Ich hab von mein  auch kopfhämmern bekommen.
Die Augen versuchen immer das Bild scharf zu bekommen dadurch enstehen auch Kopf/Augenschmerzen.
Beim Asus wars nur net machbar entweder überscharf oder unscharf was anderes ging net.


Zack Acer genomme und erstmal doof geguckt wie scharf der war im gegensatz zum Asus schwupp waren auch die Kopfschmerzen weg.

Wird wohl Asus ihr räudiges Coating sein beim MG ob der 278 da besser ist weis ich net.


----------



## Andinistrator (9. September 2015)

peko234 schrieb:


> Hallo Leute,
> bin neu hier und hoffe der TE ist mir nicht böse, wenn ich mich hier anhänge...



Isser nicht, aber man muss sich entscheiden:

TN Pannel: 1ms Reaktionszeit, auch bekannt als 144MHz TFTs, sieht aber nicht so schön aus wie 
IPS Pannel: satte Farben, guter Kontrast

Einen Tod musst du leider sterben.


----------



## JoM79 (9. September 2015)

Der Kontrast von IPS ist auch nicht viel besser als bei TN und je nach Monitor nehmen sich die Farben meist auch nicht viel.
Aber grundsätzlich haben die meisten TN Monitore Probleme mit der Farbdarstellung .
Für einen wirklichen guten Kontrast braucht es schon nen VA Monitor.


----------



## Leitwolf200 (9. September 2015)

Oder OLED
Dafür schwächelt VA an der Farbdarstellung.... egal  wie mans dreht überall muss man nen kompomiss eingehen egal welche Panelart.


----------



## JoM79 (9. September 2015)

Da es ja auch OLED Monitore für Normalanwender gibt.
Wo schwächelt denn VA bei der Farbdarstellung, hast du mal nen Link dazu?


----------



## JoM79 (9. September 2015)

Vergiss erstmal diese 1ms, Herstellerangaben bringen dich da nicht weiter.
Und ob man von 144Hz mehr hat, das kann nur jeder für sich selber entscheiden.
Man sieht auch schon unter 144fps den Vorteil von 144Hz.


----------



## Leitwolf200 (9. September 2015)

Für 300€ wirste sowas net bekommen zumindest net in den nächsten Jahren.
Entweder in sauren Apfel beißen oder sich mit FullHD 144Hz oder WQHD,IPS 60Hz zufrieden geben.
Du könntest nen XB270HU ausm Alternate outlate für 530€ versuchen.


----------



## skuttner (9. September 2015)

So schnell wie sich der Monitor-markt zur Zeit entwickelt würde ich (und habe ich auch, mit dem XL2430T) einen guten 144 Hz-Monitor holen und dann mal so 2-3 Jahre abwarten.


----------



## JoM79 (9. September 2015)

Dafür ist er aber auch ein ganzes Stück besser.


----------



## Andinistrator (10. September 2015)

WhiningCoil schrieb:


> @ TE: Hast du dich nun für den Dell entschieden?



Ja für Dell, ich glaube nicht da Mensch zwischen  1ms oder 5ms unterscheiden kann.
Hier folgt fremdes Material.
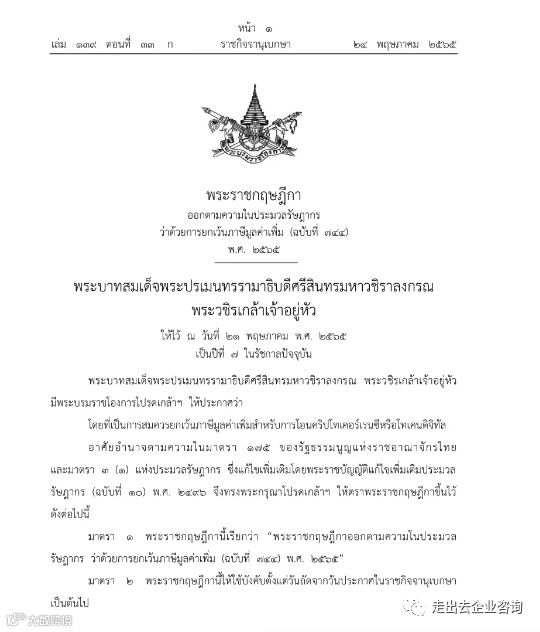 2.根据关于免征增值税的税收法颁布的皇家法令(第745号)(2022年)——该法令规定对泰国银行在其沙盒项目项下为公共用途而发行的零售央行数字货币(“CBDC”) 的交易应免除增值税纳税义务。
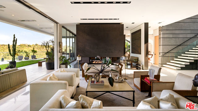 Set behind private gates in the prestigious hills of Bel Air, this striking architectural estate delivers an extraordinary level of privacy, security, and presence offering a true sanctuary above the city. A secluded circular driveway accommodates up to seven vehicles, complemented by a spacious three-car garage, setting the tone for a residence defined by both discretion and effortless luxury. A dramatic arrival opens to luminous interiors where soaring ceilings and expansive walls of glass create a seamless, open-concept design tailored for modern living and grand-scale entertaining. Natural light floods the home through skylights and floor-to-ceiling windows, framing sweeping panoramic views of the city skyline, surrounding hills, and the Pacific Ocean. The main living spaces unfold with ease, centered around a stunning double-sided fireplace and living space that is enhanced by retractable glass walls that dissolve the boundary between indoors and out. A sleek bar anchors the living area, elevating the space into an entertainer's showpiece. A refined palette of cool stone and metallic finishes is perfectly balanced by the warmth of French white oak floors. Statement walls clad in Absolute Black Granite add depth and sophistication throughout. The chef's kitchen is both a visual centerpiece and a functional masterpiece, featuring an oversized island, bespoke cabinetry, natural stone surfaces, and appliances all positioned to capture the home's breathtaking views and embodying the ultimate California indoor-outdoor lifestyle. The residence offers seven bedrooms and ten bathrooms, along with a private home theater, a 300-bottle wine cellar, and thoughtfully integrated bar spaces. Each room is curated to reflect a harmonious blend of comfort, scale, and architectural significance. A private elevator services all levels. Designed for unforgettable entertaining, the backyard rivals a luxury resort. An expansive outdoor living area with an kitchen flows effortlessly to a sophisticated bar setting near the spa perfect for hosting under the stars. The negative-edge infinity pool, sun deck, and spa overlook unobstructed vistas that stretch from the Los Angeles cityscape to the Pacific Ocean, creating a truly breathtaking backdrop. Just minutes from Beverly Hills, Westwood Village, and Brentwood, this exceptional offering represents a rare opportunity to own a statement residence that seamlessly blends bold design, ultimate privacy, and world-class views in one of Los Angeles' most coveted enclaves.
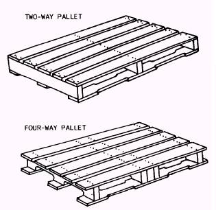 RECEIPTS OF STOCK BY THE BULK STOREROOM CUSTODIAN Once stock is inspected for quantity, quality, and damage by the receipt inspector and accepted, it will be carried to the bulk storeroom. The bulk storeroom custodian will report to the ship's store office and obtain the retained receipt documents located in the Incoming Material File (SSA-20). He or she will take copies of the receipt document to the bulk storeroom and wait until the stock is brought by the personnel. The responsible custodian will make sure boxes brought to the storeroom are not opened and all boxes arrive. If the boxes are being numbered by the receipt inspector, the custodian will make sure all numbers are accounted for. Only those personnel authorized by the bulk storeroom custodian to be in the storeroom to assist in loading operations should be there. The custodian should never allow unauthorized personnel to enter the bulk storeroom. The custodian of the bulk storeroom will verify the quantity by counting the merchandise. He or she will accept the merchandise by circling the quantity received on the receipt document, dating, and signing the accountability stamp. If the quantity of the item counted is not the same as what is shown on the receipt document, record and circle the actual quantity received and cross out the quantity shown on the receipt document. All cross outs must be initialed. Once the custodian has accepted the merchandise by dating and signing the accountability copy, he or she is legally responsible for the proper disposition of the material while it is in his or her custody. The custodian will forward the copy of the signed and dated receipt document to the ship's store officer. RECEIPT OF STOCK BY OTHER SHIP'S STORE ACTIVITIES To save time, paper work, and to provide the customer better and quicker service, items received may be delivered directly from the pier to one of the sales outlets or service activities. The receipt inspector will first accept the material and have it delivered to the sales outlet or service activity and the operator will date and sign for receipt and custody on a copy of the receipt document. The receipt document will be used as a breakout document for receipt to a sales outlet and a breakout number will be assigned from the Number Control, NAVSUP Form 980. When the sales outlet and bulk storeroom are operated by the same person a breakout document is not required. The receipt document will be extended at both cost and retail when the sales outlet and bulk storeroom are operated by the same person. For receipt to the service activity, the receipt document will be used as an issue document and a cost of operation issue number will be assigned from the Number Control, NAVSUP Form 980. The receipt of ship's store stock directly into the sales outlet or service activity is discussed later in this chapter. DUMMY RECEIPTS All material received should be accompanied by receipt papers; however, material is occasionally received without receipt papers, and when this happens, a dummy invoice must be prepared. A dummy receipt plainly marked Dummy will be prepared on a DD Form 1348-1 or a DD Form 1149. All pertinent information must be included on this invoice, and it must be used in the same manner as any other receipt document. STOWAGE AND MATERIAL HANDLING Once material is inspected and received, it must be moved to the stowage area. The stowage of ship's store stock is discussed in Ship's Serviceman Third Class, NAVEDTRA 10176. In this section, we will discuss how the material stowed is handled, various equipments, safety precautions, and how to properly lift material when handling it manually. We will also discuss safe practices that must be followed by supervisory and working personnel during materialshandling operations. Aboard ship, material handling is often done manually; however, on some ships equipment is available to assist personnel in moving materials. These equipments include forklifts, hand trucks, and other related equipments. MATERIALS-HANDLING EQUIPMENT The equipment used aboard ship to assist personnel is referred to as materials-handling equipment. In many cases you may not be operating this equipment in the normal course of your duties, but it is important you understand the operation and use because they are used extensively aboard carriers, cargo and replenishment ships, and amphibious ships. The advantages to using material-handling equipment are quite noteworthy. It speeds up the availability of material and reduces the amount of manpower required. It accomplishes this by large single movements of stock, which simplifies the stowing and shipping of material with the use of less people. Handling materials in this fashion also reduces the risk of damage to materials and reduces personnel fatigue and injuries. Pallets A pallet is a low, portable platform built of wood, metal, or fiberboard, built to specified dimensions, on which supplies are loaded, transported, or stored in units. Flat pallets are either single-faced or double-faced. Single-faced pallets have one platform with stringers underneath on which the weight of the load rests. Double-faced pallets have two platforms separated by stringers. Pallets may afford two-way or four-way entry. The two-way entry pallet is built so the forks of a forklift truck may be inserted from either the front or rear of the pallet. The four-way pallet is built so the forks of a forklift truck may be inserted from any of the four sides. Both of these pallets are shown in figure 4-2. The box pallet shown in figure 4-3 is used primarily for handling small lot items or easily crushed material.
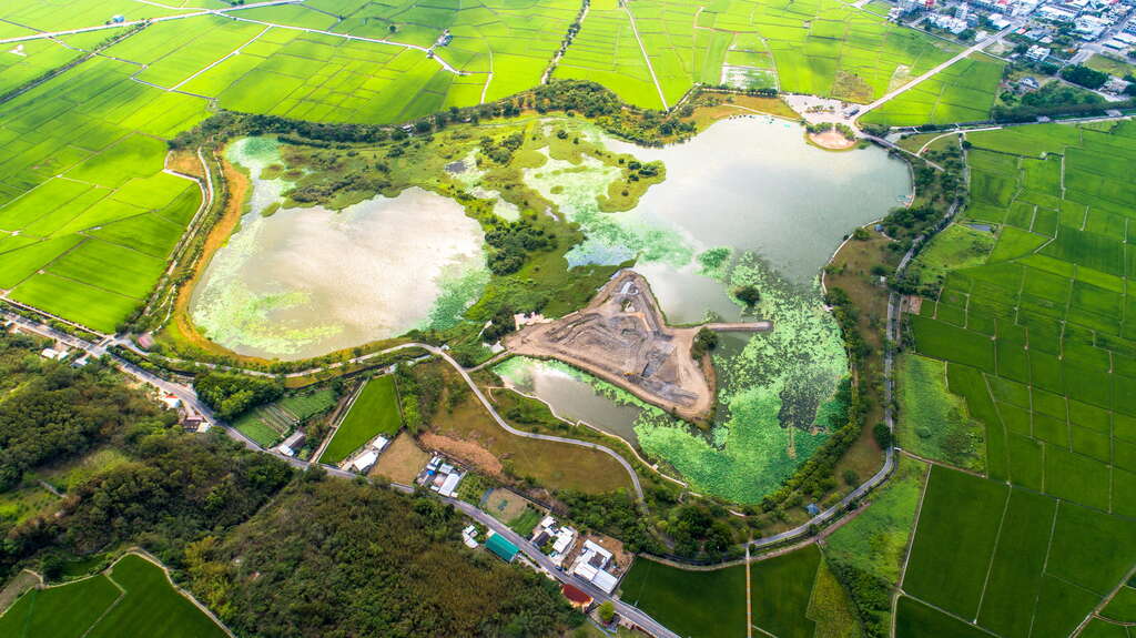 從高空俯瞰大坡池,宛如一池明鏡
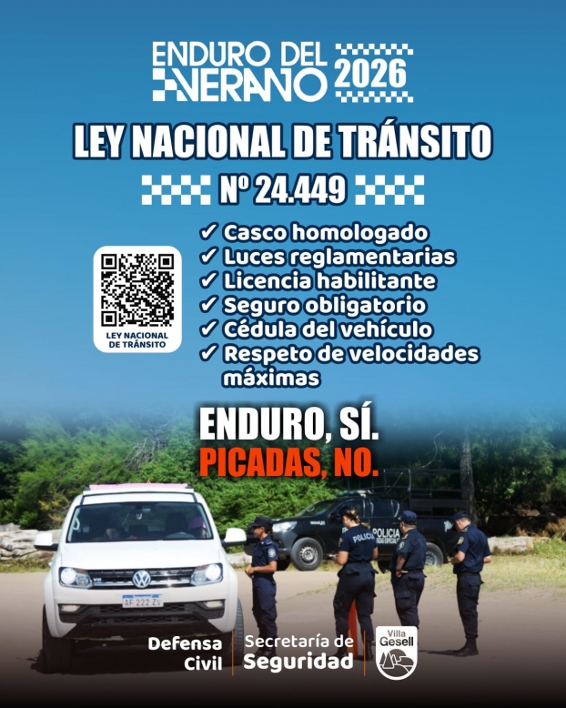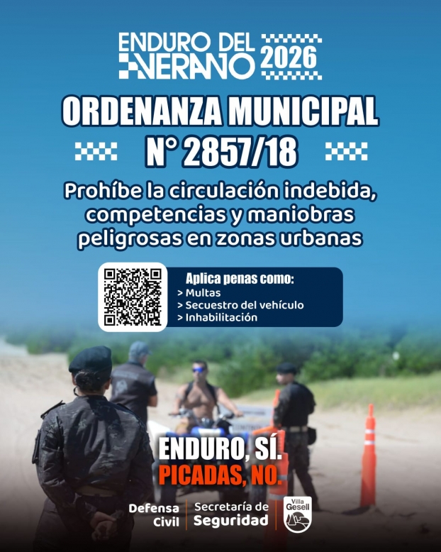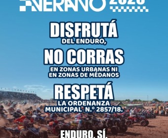 En este sentido, le pedimos a nuestros vecinos y visitantes, colaboración con el desarrollo ordenado del evento, respetando las normas de tránsito, las zonas habilitadas para circular y las indicaciones del personal de control. El compromiso individual resulta fundamental para que el Enduro del Verano se viva como una verdadera fiesta del deporte, priorizando el cuidado de la vida, el ambiente y la convivencia en los espacios públicos.
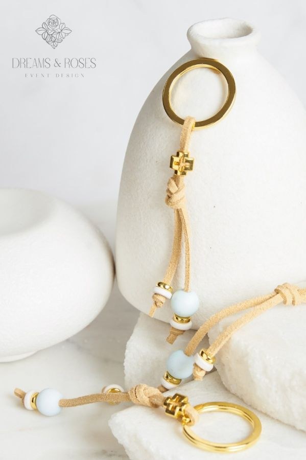 Αν προτιμάτε κάτι διαφορετικό από το κλασικό βραχιόλι, αυτά τα μαρτυρικά βάπτισης σε μορφή μπρελόκ είναι η τέλεια λύση. Με μπεζ suede κορδόνι, χρυσό μεταλλικό σταυρό και κεραμικές χάντρες σε απαλό γαλάζιο και λευκό, αποτελούν ένα χρηστικό και καλαίσθητο αναμνηστικό για τους καλεσμένους σας.
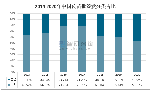 智研咨詢發布的《2021-2027年中國疫苗行業市場運行格局及發展規模預測報告》數據顯示:中國預防接種的疫苗分為兩類。第一類疫苗,是指政府免費向公民提供,公民應當依照政府的規定受種的疫苗,包括國家免疫規劃確定的疫苗,省、自治區、直轄市人民政府在執行國家免疫規劃時增加的疫苗,以及縣級以上人民政府或者其衛生主管部門組織的應急接種或者群體性預防接種所使用的疫苗;第二類疫苗,是指由公民自費并且自愿受種的其他疫苗。其中2020年中國疫苗批簽分類中,一類疫苗占比53.46%;二類疫苗占比46.54%。
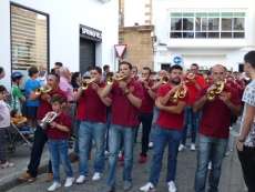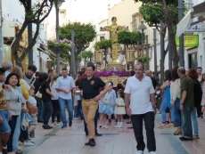 A las ocho y media de la tarde, como estaba previsto este año dos horas más tarde para favorecer mayor afluencia de ciudadanos, salía el único paso de un cortejo corto que se vio arropado sin embargo por una amplia representación de la Banda de Cornetas y Tambores de la Asociación Musical "Ruiz-Mateos" que, como cada año, colaboró con la Asociación Cruz de Mayor del Casco Antiguo que organiza desde hace más de tres décadas esta salida procesional.

Für mich sind das Nuancen, dass muss mir erst jemand glaubhaft vermitteln wenn ein Battlefield Profil verliert wegen 4ms mehr .

Es gibt YouTube Videos welche den Unterschied erläutern, ich möchte "schönes" 2k Gameplay, daher meine Wahl auf diesen Dell.


----------



## JoM79 (10. September 2015)

Nur das er WQHD hat und nicht 2K.
Aber ansonsten gute Wahl.


----------



## peko234 (10. September 2015)

Ich habe mich nun auch entschieden, nicht mehr auf weitere Tests zu warten und den Asus MG 278Q  geordert.
Auf den Unterschied zur meiner alten Pixel-Schleuder bin ich mega gespannt.


----------



## Andinistrator (11. September 2015)

Auch i.O., aber sprengt mein Budget für ein TFT. Ich lege das Restgeld in 65" 4k TV an .

Das letzte Wort zum Freitag:

IPS		
 (In-Plane Switching; in der Ebene schaltend)		
+ großer Blickwinkel		
+ realitätsnahe Farbdarstellung für Grafiker und Videoschnitt		
+ hohe Helligkeit		
- 5ms+ Schaltzeit		
- hoher Energiebedarf		
TN		
(Twisted Nematic; verdrehtes Flüssigkristall)		
+ 1ms Schaltzeit		

TN ist "nicht so schön" wie IPS, ein IPS mit 1ms wäre perfekt… technisch ist es eine Herausforderung (€€€).		
TN, VA und IPS ? Alles über Monitore - com! professional 

Bildschirm für 1440p		
24 Zoll IPS	Dell UltraSharp U2414H, 23.8" (860-BBCW/860-BBCV) Preisvergleich | geizhals.eu EU	 225,00 € 
25 Zoll IPS	Dell UltraSharp U2515H, 25" (210-ADZG) Preisvergleich | geizhals.eu EU	 290,00 € 
27 Zoll IPS	https://geizhals.de/dell-ultrasharp...0-adsz-210-adzm-a1187709.html?hloc=at&hloc=de	 520,00 € 
27 Zoll TN	https://geizhals.de/asus-mg278q-90lm01s0-b01170-a1277261.html	 565,00 €


----------



## JoM79 (11. September 2015)

Andinistrator schrieb:


> IPS
> (In-Plane Switching; in der Ebene schaltend)
> + großer Blickwinkel
> + realitätsnahe Farbdarstellung für Grafiker und Videoschnitt
> ...


Die hohe Helligkeit können VA und TN genauso haben, genauso wie eine gute Farbdarstellung.
Aber die Farben sind bei IPS und VA blickwinkelabhängiger.
IPS hat auch nicht wirklich einen höheren Energiebedarf, das ist von Monitor zu Monitor unterschiedlich.
TN ist immer noch die schnellste Technik, doch auch hier muss von Monitor zu Monitor unterschieden werden.
Jede Technik hat ihre Vor-und Nachteile, aber die selbst die kann man nicht blind auf jeden Monitor mit der jeweiligen Technik anwenden.


WhiningCoil schrieb:


> Sind die Farben mit dem IPS dann kräftiger oder nur natürlicher? Oder beides^^?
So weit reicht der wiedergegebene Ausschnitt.